Что это значит? и о чем эта моя способность говорит мне?
Я знаю, что красота присутствует помимо меня — ей возможно быть
независимо, по умыслу мне неподлежащему. Сколько раз мне
случалось быть застигнутым ею врасплох! Сколько раз я до боли
выворачивал на нее шею, уносимый инерцией своих обстоятельств.
Столь же часто, ворочая свои мысли, я, вероятно, прохожу мимо
нее, ее не замечая. Ее особенность состоит во взывании ко
мне, в узернении во мне влечения к себе самой. Тем самым она
уповает продлиться через меня, пробыть еще — запечатлеть свои
черты по ту сторону неизбежного увядания.
Теперь же выходит, что и сам я могу нечто излучать из себя и даже
облачать находящееся в никчемности в златотканные одежды. В
самом деле, если в моей власти придать чему-либо смысл, то
отчего же мне не мочь сделать что-либо прекрасным, самому
вдохнуть в него красоту?
Но что это? И откуда я все это беру? Отражение ли это направленных в
меня лучей, или какое-то мерцание, вспыхивающее внутри
самого моего Я? И украшаю чего ради, подвигаюсь на это чем?
Разве мне не хватает «красоты помимо меня»? Я хочу красоты, но
как я могу хотеть того, чего еще нет? что только один я и
никакая сила в мире не может родить помимо меня?
Нет-нет, тут что-то другое...
...что-то другое, сродни посеву, взращиванию, сопутствующей им
заботе, устрояемым мной и устрояющим и внутри меня какой-то
особенный лад и мир. Заботит меня не только привнесение в мир и
укоренение в мире мной посеваемого, но, поверх него,
осознание своего Я как привносящей силы. Я есть привносящая в мир и
исполняющая его сила. Привнесенное, как бы ни сложилась в
мире его судьба, определяет мою судьбу как судьбу
поставляющего.
Вся душа моя вопиет наперекор вот этому:
«...есть невозможные вещи. О них никогда и не думай,
то, чего сделать нельзя, сделать не сможешь вовек». (Феогнид).

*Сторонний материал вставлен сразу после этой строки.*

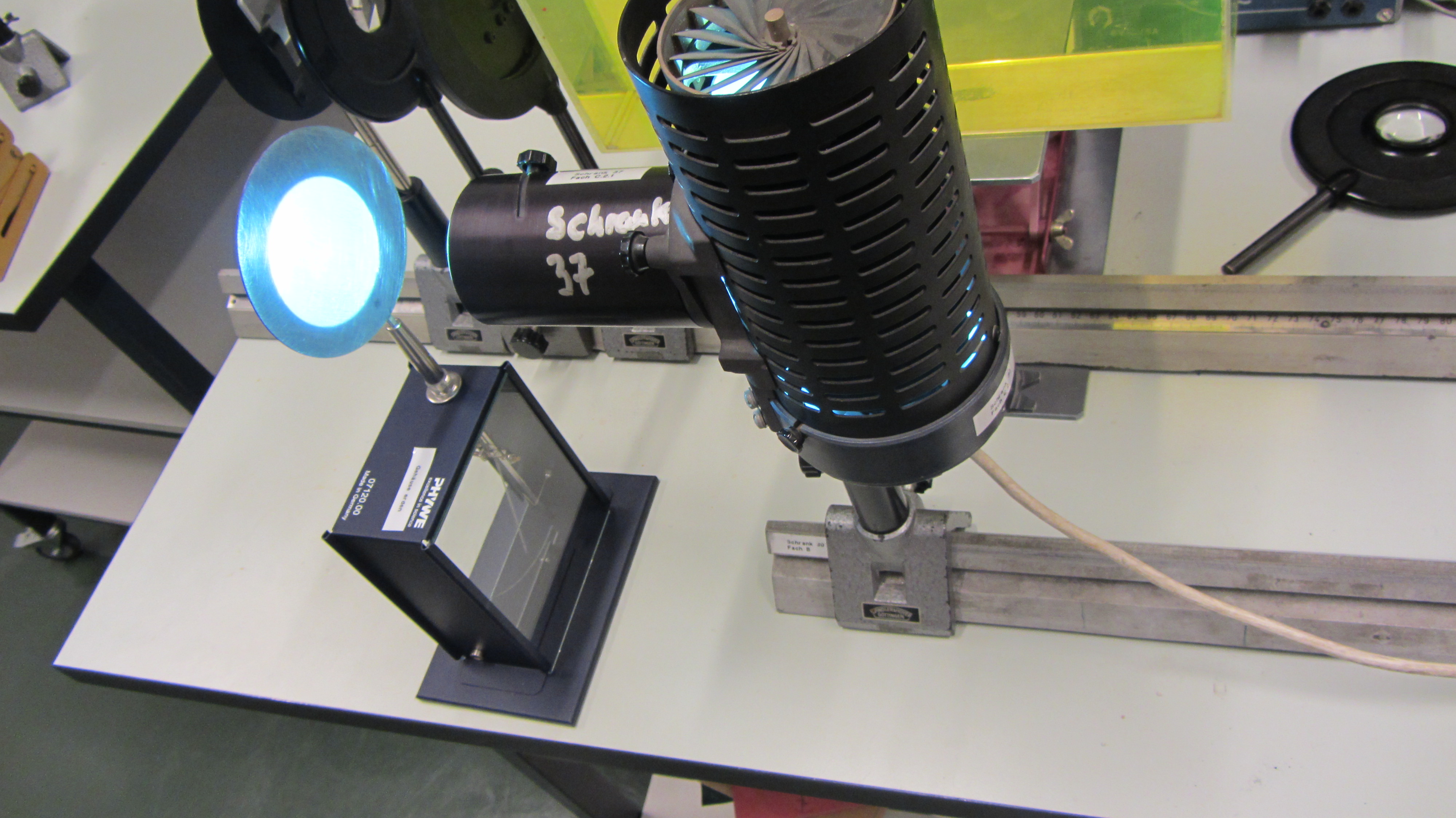 Platte aufladen (negativ) und mit Halogenstrahler beleuchten, es passiert nichts.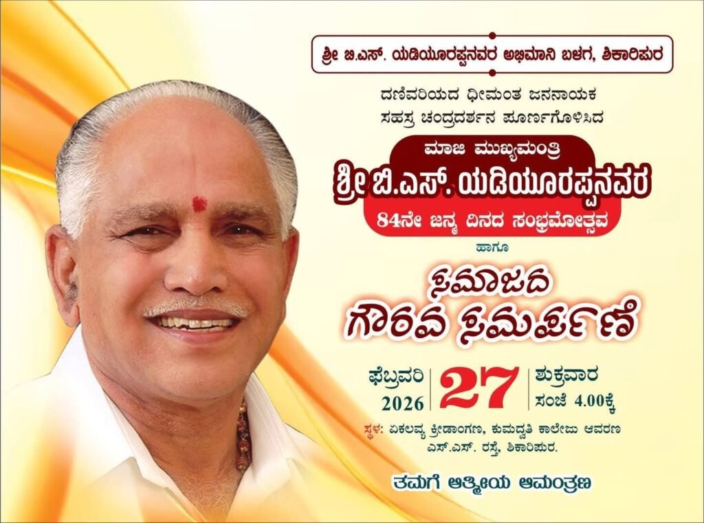ಬಿ.ಎಸ್. ಯಡಿಯೂರಪ್ಪನವರ 84ನೇ ವರ್ಷದ ಜನ್ಮದಿನದ ಪ್ರಯುಕ್ತ ದಿನಾಂಕ 27ರಂದು ಶಿಕಾರಿಪುರದಲ್ಲಿ ವಿವಿಧ ಕಾರ್ಯಕ್ರಮಗಳು ಆಯೋಜಿಸಲಾಗಿವೆ. ಈ ಸಂದರ್ಭದಲ್ಲಿ ಯಡಿಯೂರಪ್ಪ ಅವರನ್ನು ಗೌರವಿಸಿ ಅಭಿನಂದಿಸಲು ಬಯಸುವ ಅಭಿಮಾನಿಗಳು, ಸಂಘ–ಸಂಸ್ಥೆಗಳು, ಸಮಾಜದ ಮುಖಂಡರು ಹಾಗೂ ಸಾರ್ವಜನಿಕರಿಗೆ ಬೆಳಿಗ್ಗೆ 9:00 ಗಂಟೆಯಿಂದ ಮಧ್ಯಾಹ್ನ 2:00 ಗಂಟೆಯವರೆಗೆ ಶಿವಮೊಗ್ಗ ರಸ್ತೆಯಲ್ಲಿರುವ ಕುಮದ್ವತಿ ಕಾಲೇಜಿನ ಆಡಿಟೋರಿಯಂನಲ್ಲಿ ವಿಶೇಷ ವ್ಯವಸ್ಥೆ ಮಾಡಲಾಗಿದೆ.

От этого у меня делается кровяное давление, темнеет в глазах, я
выхватываю воображаемый меч и иду ничтожить, рассекать этот
обступающий меня мрак.
«В остром копье у меня замешан мой хлеб. И в копье же из-под Исмара
вино» (Архилох).
Из себя, своими силами я превозмогаю весь этот разор, и где были
одни тернии и беспорядок, взлелеиваю какой-то стройный и
умопостигаемый лад. И поддержание этого лада в мире посильно мне,
пока он отражается в моем зрачке.
Я становлюсь местом, глядя из которого мир уже не может показаться
ни бессмысленным, ни нелепым.
***
Я не могу учиться на собственных ошибках. Говоря откровенно, я и не
вижу ошибок, я подвергаю сомнению саму свою способность
ошибаться. Ошибается тот, кто стремится к определенной цели, для
кого важен выбор пути. Моя же цель всегда со мной, куда бы
я ни завел себя, мне незачем возвращаться. Где бы я себя ни
поставил, я найду там достаточно пищи для размышления, и
всяких услад для души в избытке. Поэтому камень ли, глина,
чернозем — все равно, корнями вопьюсь и влагу найду повсюду.
Я застрахован от ошибки постольку, поскольку я свободен. Там, где по
своей воле я могу состояться и радость моя, и мое
довольство, и моя цель будут со мной.
Вообще, мне кажется, что людям порой свойственно слишком легко
признавать свои поражения. Какая-нибудь маленькая неудача м. б.
на самом деле предпоследней ступенькой к большому свершению.
Череда сереньких, никчемных дней может привести к великому,
исполненному солнца дню. Здесь очень важна верность, я бы
сказал даже, некоторое со стороны кажущееся тщетным упрямство.
Если упрямо и последовательно совершать пусть даже
невразумительные для окружающих действия, их сумма в один прекрасный
день может ошеломить их своим совершенством. Или не
ошеломить — ведь это по сути и не имеет значения. Если я бросаю в
океан камень за камнем и до сей поры не вижу на его
поверхности верхушки слагаемой мной пирамиды, то это нисколь не
подвергает сомнению мою уверенность в ее наличии. Достичь
поверхности или не достичь — это все вопрос времени, это даже
неинтересно.
***
Слава глупым, всем недалеким, всем наивно уповающим, всем
влюбляющимся, влюбчивым, влюбленным и рожающим деток, не знающим что и
как сказать, слава им, крепко спящим и бодро встающим
поутру, починяющим изгороди и стригущим газоны, выслушивающим
советы, всем завистникам, всем игрокам в шашки и домино, всем
бредущим на прием к врачу, всем милым, теплым и
благословенным — слава! Слава и горе им — скудоумным и пустоголовым —
втуне влачащимся по жизни, и уделом их станут немота и
забвение.
Слава мудрым, прозревающим времена и дающим всякой вещи подобающее
ей имя, всем умудренным змиям, одолевающим суету и тленность,
ладно связывающим воедино все, находящееся в беспорядке.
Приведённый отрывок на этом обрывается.